К маю 1723 года чертежи будущего первого 100-пушечного корабля России были готовы. Размеры его предполагались по тем временам весьма внушительные: длина 180 футов, ширина в средней части 51 фут, осадка более 20 футов.

Закладка корабля состоялась 29 июня 1723 года на верфи Санкт-Петербургского адмиралтейства лично Петром. Обставлено все было весьма торжественно. С постройкой корабля особо не торопились. Петр хотел использовать свой 100-пушечный первенец как своеобразную школу-лабораторию, чтобы на ней в совершенстве освоить способы обеспечения «продольной крепости» на «французский манер».
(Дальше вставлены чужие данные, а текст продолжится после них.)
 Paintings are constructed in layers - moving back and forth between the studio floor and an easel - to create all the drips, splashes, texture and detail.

– Каково будет имя сего великана? – спросила императрица Екатерина в один из дней, когда Петр заявился во дворец к обеду, разгоряченный работой на верфи.
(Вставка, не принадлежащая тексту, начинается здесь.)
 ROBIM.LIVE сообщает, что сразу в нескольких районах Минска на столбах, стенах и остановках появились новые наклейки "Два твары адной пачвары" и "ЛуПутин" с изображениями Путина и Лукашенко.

– Был бы корабль, – засмеялся в ответ Петр, – а имя даст сама гистория наша!

Император не только участвовал в строительстве, но и самолично руководил им. Часто бывая на стапеле, беседовал со своими учениками, отдавал приказания, вникал в каждую мелочь. Когда же ему предстояло куда-то отлучиться либо государственные дела не давали ему возможности самому побывать на верфи, он оставлял письменные указания, поражающие своей скрупулезностью и дотошностью. Так, уезжая по делам из Санкт-Петербурга, он велит оставшемуся за него на стапеле подмастерью Карлсбому: «…Добрать ингоуты к носу, так же клюис-штоты и прочие в бухте, так же галф-транцами в ахтерштевне до општотов, которые до меня не ставить; в то же время чистить корабль под доски, как снаружи, так и внутри…» (хотя современный читатель вряд ли разберется в нагромождении терминов, большая забота государя о своем детище очевидна).
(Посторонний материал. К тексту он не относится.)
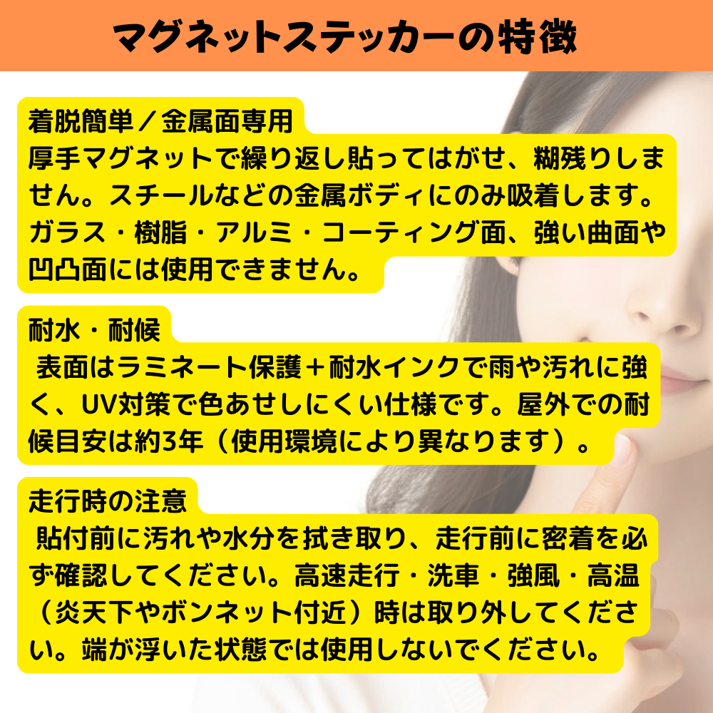 【 強力磁力&防水・耐候仕様でしっかり固定 】:強い磁力で金属部分にしっかり密着し、走行中の風圧にも安心。防水・耐候加工により、雨や日差しに強く長期間使用できます。貼り直し・取り外しも簡単で、必要な時だけ使える便利なセーフティサインです。

Со временем за 100-пушечным кораблем как-то само собой утвердилось название «государев корабль». Этого не отрицал и сам Петр. Так, в «Реестре кораблям, находящимся на стапелях в строении в 1724 году» в графе, где указываются названия создаваемых кораблей, против 100-пушечного новостроя значится: «Собственный Ее Императорское Величество 100-пушечный корабль».

В последний раз Петр I появился на стапеле незадолго до своей кончины. Словно предчувствуя недоброе, собрав подле себя мастеров, сказал им:

– Что бы ни стряслось, каждый из вас, господа корабельщики, отвечает за строение сие, и не предо мною, а пред Отечеством нашим!

Уже покидая стапель, Петр в задумчивости обошел остов будущего корабля. Через неполный месяц по хрустящему январскому снегу рыдающие соратники провожали его в последний путь…

Со смертью Петра строительство корабля прекратилось. Одинокий, занесенный сугробами, остов сиротливо высился на берегу близ адмиралтейства. Лишь жалобно кричали в вышине голодные чайки. А тем временем вдалеке от верфи разворачивались бурные события, в центре которых был последний корабль Петра. Уже через несколько месяцев после погребения своего соратника и учителя собрались корабельные мастера посовещаться: что делать с «государевым кораблем» дальше? Решали долго. Наконец, слово попросил Федосий Скляев:

– Предлагаю строить сей корабль подмастерьям Пальчикову и Карлсбому. Ибо оба там при государе работали и помыслы его лучше других знают!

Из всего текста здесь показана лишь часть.